September 10, 2019 15:38
Hong Kong is facing its biggest crisis since World War II, tycoon Li Ka-shing said on Sunday. File photo: Bloomberg

Tycoon Li Ka-shing has urged reconciliation between the government and the protesters to help bring an end to Hong Kong's months-long social unrest, suggesting that both sides need to be more tolerant of each other.

Young people should look at the big picture of the society as a whole, while government leaders, on their part, can “have mercy” on young people, Li said.

Hong Kong's richest man made the remarks in Tai Po during an event at the Tsz Shan Monastery which he had helped open in 2015 with generous financial support.

In a video footage circulated online, Li was seen telling a small crowd that he hopes Hong Kong can be peaceful, noting that the city is facing its biggest challenge since World War II.

If the unrest continues, the result will not be good, Li said, adding that he is very concerned about the situation.

The tycoon said he hopes Hongkongers will be able to weather the current storm. Young people should consider the big picture of Hong Kong, while political leaders should work toward providing an opportunity for the youth, the senior advisor of CK Hutchison Holdings and CK Asset Holdings said.

Li made the comments while speaking to participants of a religious gathering at the monastery, where a thousand Buddhists assembled to pray for Hong Kong.

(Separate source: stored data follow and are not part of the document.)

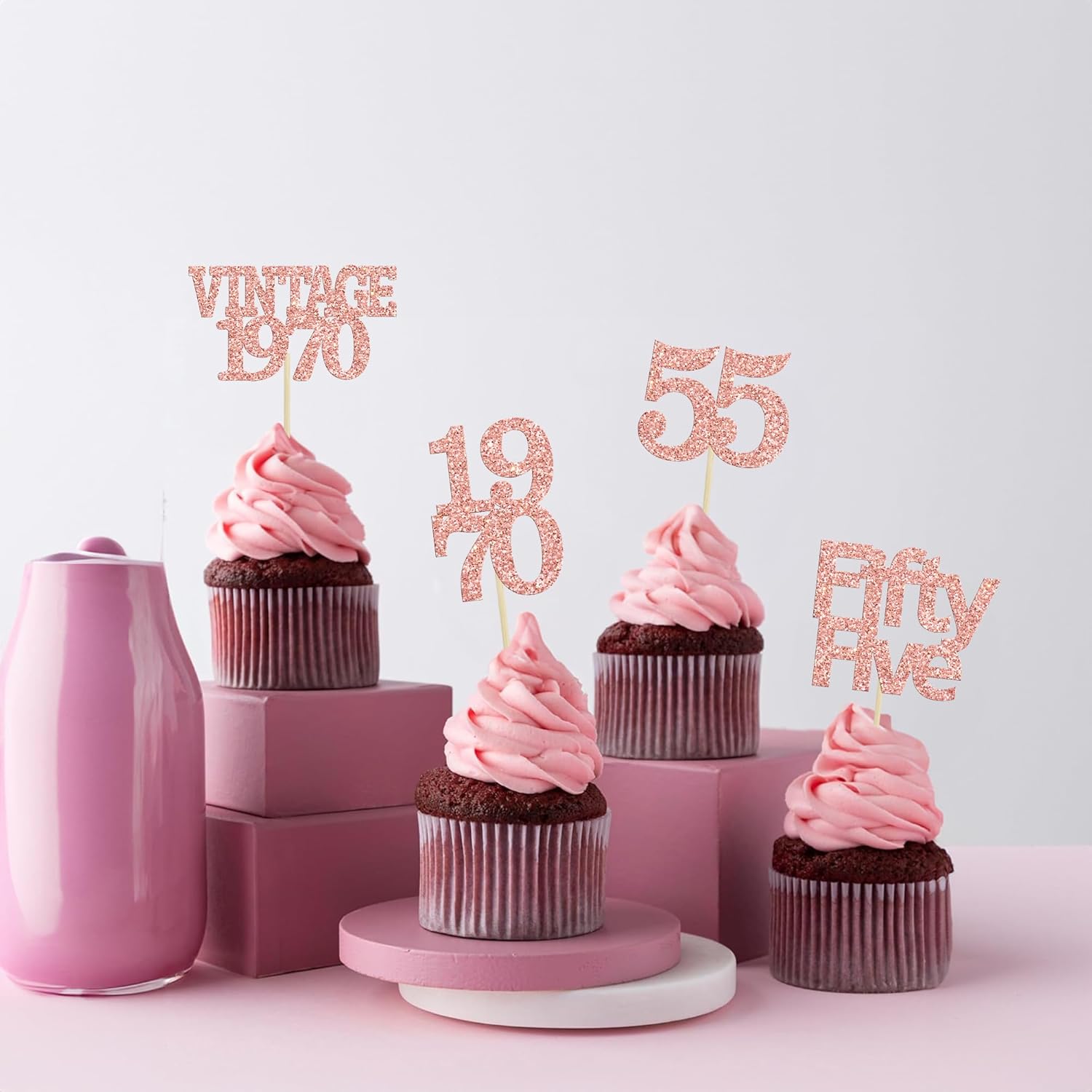 Gyufise 24Pcs 55th Birthday Cupcake Toppers Glitter Cheers to 55 Fabulous Fifty Five Vintage 1970 Cupcake Picks 55th Birthday Wedding Anniversary Party Cake Decorations Supplies Rose Gold
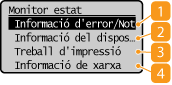 En seleccionar <Monitor estat>, es mostra una pantalla en què podeu comprovar el progrés del processament de documents, així com l'estat de l'equip (quantitat restant de tòner al cartutx de tòner, etc.) i les opcions de xarxa, com ara l'adreça IP de l'equip.
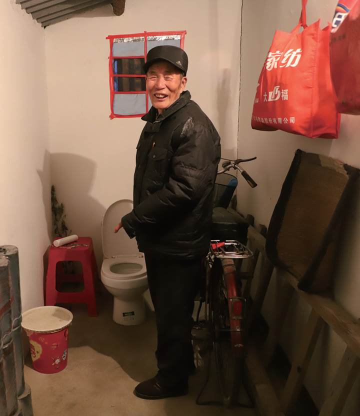 河南省信阳市邹庄村村民赵会阳展示政府户厕改造后家里的新厕所。
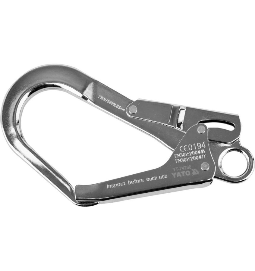 Karabińczyk hakowy, zatrzaśnik YT-74230 z automatyczną zapadką blokującą to element systemu powstrzymywania upadku. Zatrzaśnik przymocowany do liny wykorzystywany jest zazwyczaj jako element zaczepowy do punktów zakotwienia mocowanych w ścianach, stropach czy nadprożach oraz np. podczas pracy na rusztowaniach.
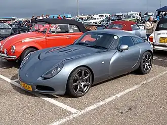 The TVR T350 is a sports car manufactured by British company TVR from 2002 to 2006. It is based on the Tamora, and is powered by TVR's Speed Six engine displacing 3.6 litre form, rated at 350 hp (261 kW). The T350 was available in coupe and targa versions, the coupe version being known as the T350c, and the targa version the T350t. The T350 later formed the base of the Sagaris.[2]
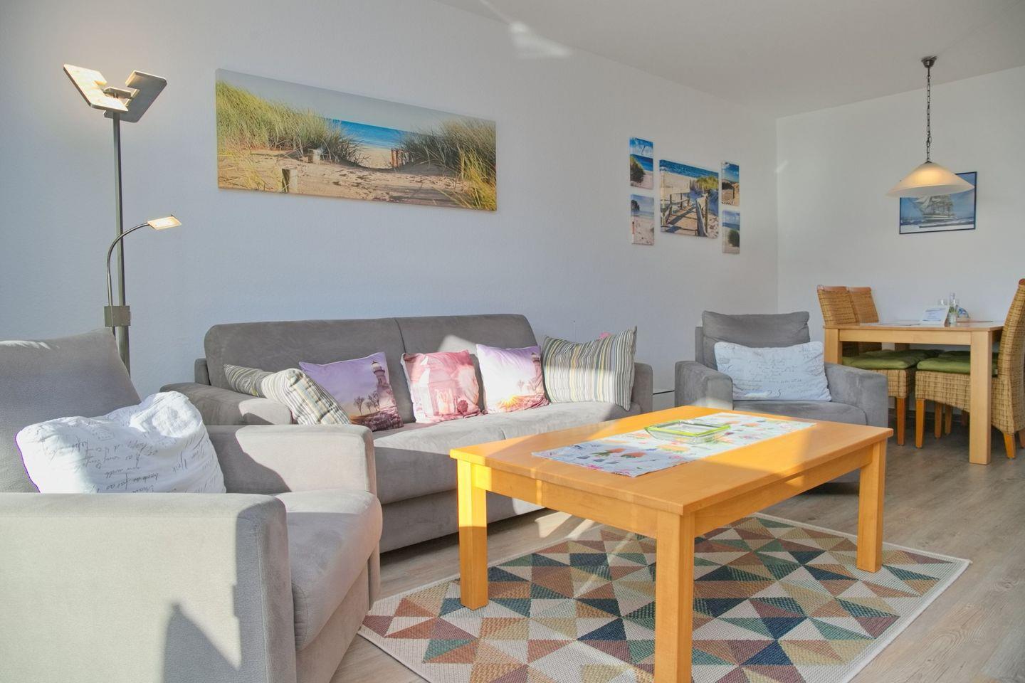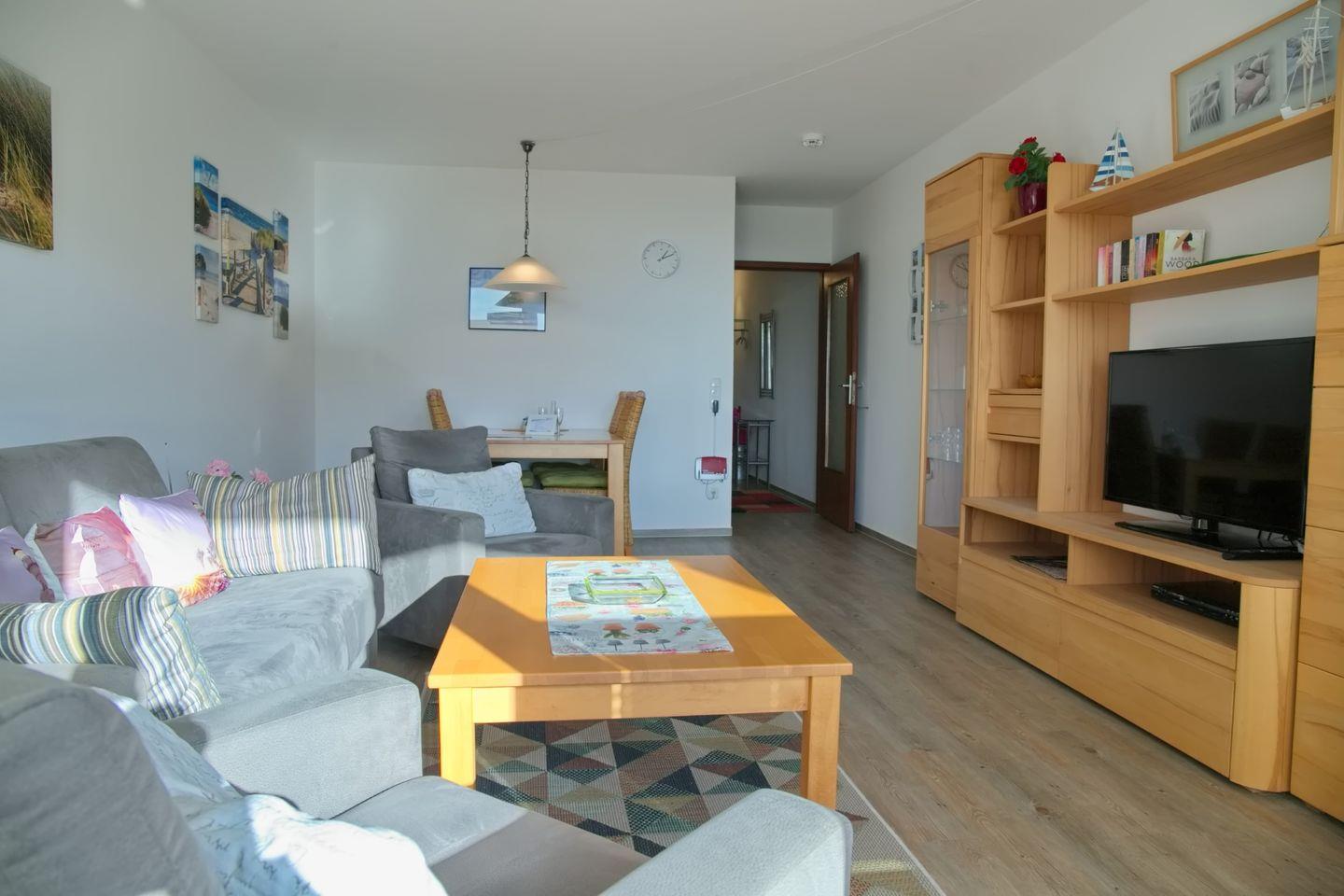 Vom Flur gelangen Sie in das liebevoll eingerichtete Wohnzimmer, dort befindet sich eine hochwertige Schlafcouch für 2 Personen, 2 Sessel, ein großer Flatscreen, Radio mit CD - Player und ein Essbereich mit 4 Stühlen.

A spokesman for the monastery said Li had said that he could accept neither the escalation of violence seen recently in society nor its impact on the rule of law.

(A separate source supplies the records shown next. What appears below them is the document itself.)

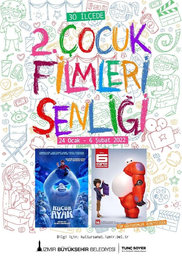 İzmir Büyükşehir Belediye Başkanı Tunç Soyer'in "çocuk dostu kent" vizyonu doğrultusunda başlatılan Çocuk Filmleri Şenliği'nin ikincisi 24 Ocak-6 Şubat 2022 tarihleri arasında yapılacak. Çocukların ara tatilinde karne hediyesi olarak planlanan şenlik kapsamında Kiraz'dan Torbalı'ya Beydağ'dan Bayındır'a İzmir'in 30 ilçesinde film gösterimi yapılacak. Şenlik kapsamında 2018 yapımı Küçük Ayak ve 2014 yapımı 6 Süper Kahraman adlı animasyon filmleri gösterilecek. Filmler 12.00 ve 14.30 saatlerinde iki seans olarak izlenebilecek. İlçe ilçe gösterim tarihleri için "kultursanat.izmir.bel.tr ö ve "www.izmir.art ö adresleri ziyaret edilebilir.
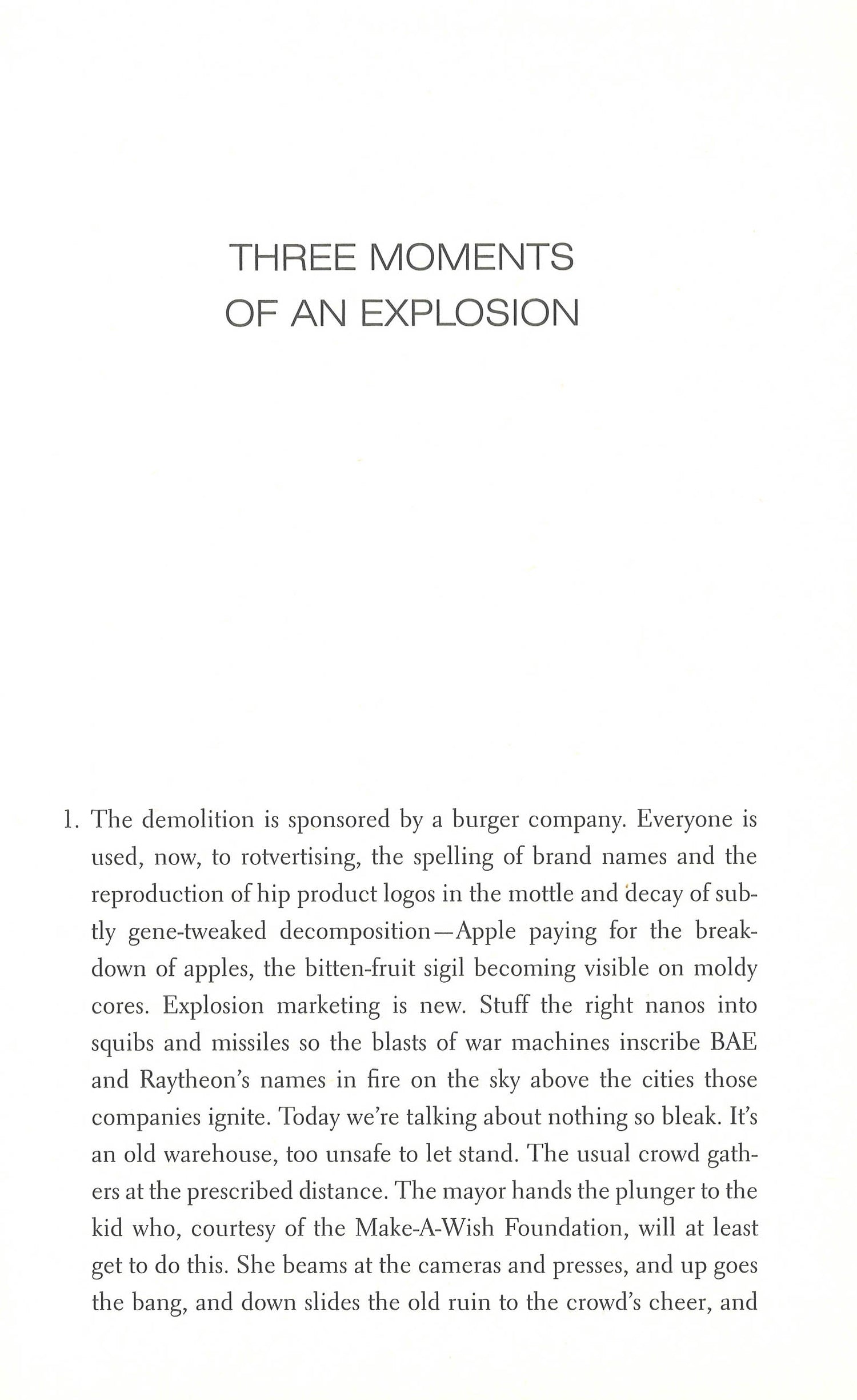 London- awakes one morning to find itself besieged by a sky full of floating icebergs. Destroyed oil rigs, mysteriously reborn, clamber from the sea and onto the land, driven by an obscure but violent purpose. An anatomy student cuts open a cadaver to discover impossibly intricate designs carved into a corpse s bones designs clearly present from birth, bearing mute testimony to . . . what? Of such concepts and unforgettable images are made the twenty-eight stories in this collection many published here for the first time. By turns speculative, satirical, and heart-wrenching, fresh in form and language, and featuring a cast of damaged yet hopeful seekers who come face-to-face with the deep weirdness of the world and at times the deeper weirdness of themselves "Three Moments of an Explosion" is a fitting showcase for one of literature s most original voices.
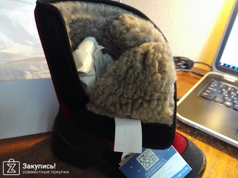 Минус: небольшая раскрываемость сапожек. Нам трудно одевать, тк у ребенка оказался большой взъем. Натягивать с усилием приходится. и почему-то левый особенно. При хотьбе все прекрасно, аккуратно на ножке сидят, малышу понравились. Только жаловался, когда одевали, что боба. Надеемся, что разносим.
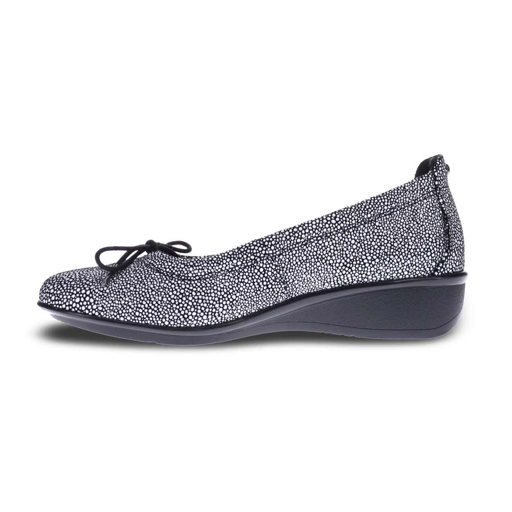 Marrakesh blends a subtly sporty, fully functional silhouette with undeniably feminine features. Sleek uppers made from supple and textured leathers complement a delicate bow detail that adorns the vamp of this gorgeous demi-wedge. Topline features a hint of stretch and adjustability. Removable comfort footbed with built-in arch support allows the insertion of custom orthotics. Forefoot Cushion Zone for added comfort.
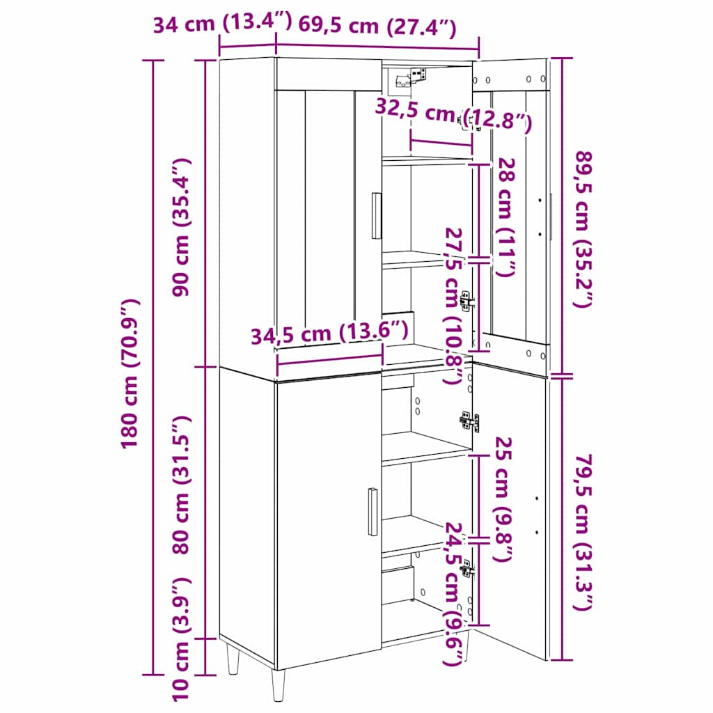 - 1 x Dulap: 70 x 34 x 90 cm (LxWxH)

The legendary businessman believes that everyone should treat others as they would themselves, in order to allow co-existence in society.

Mutual understanding is necessary so that Hong Kong can get through the difficult times, Li said, adding that hopes all parties will work toward the benefit of all for the sake of the city.

When asked about Li's comments, Hong Kong's leader Carrie Lam said on Tuesday that she would not comment on individual remarks.

Lam reiterated that rule of law is an important core value of Hong Kong.

The government insists that acts that are against the rule of law should not receive recognition and support, she said, reiterating the principle of dealing with illegal acts in accordance with the law.

Lam, however, agreed that the government can do more in relation to youth policies, saying that the most important channel is directly listening to young people's voices.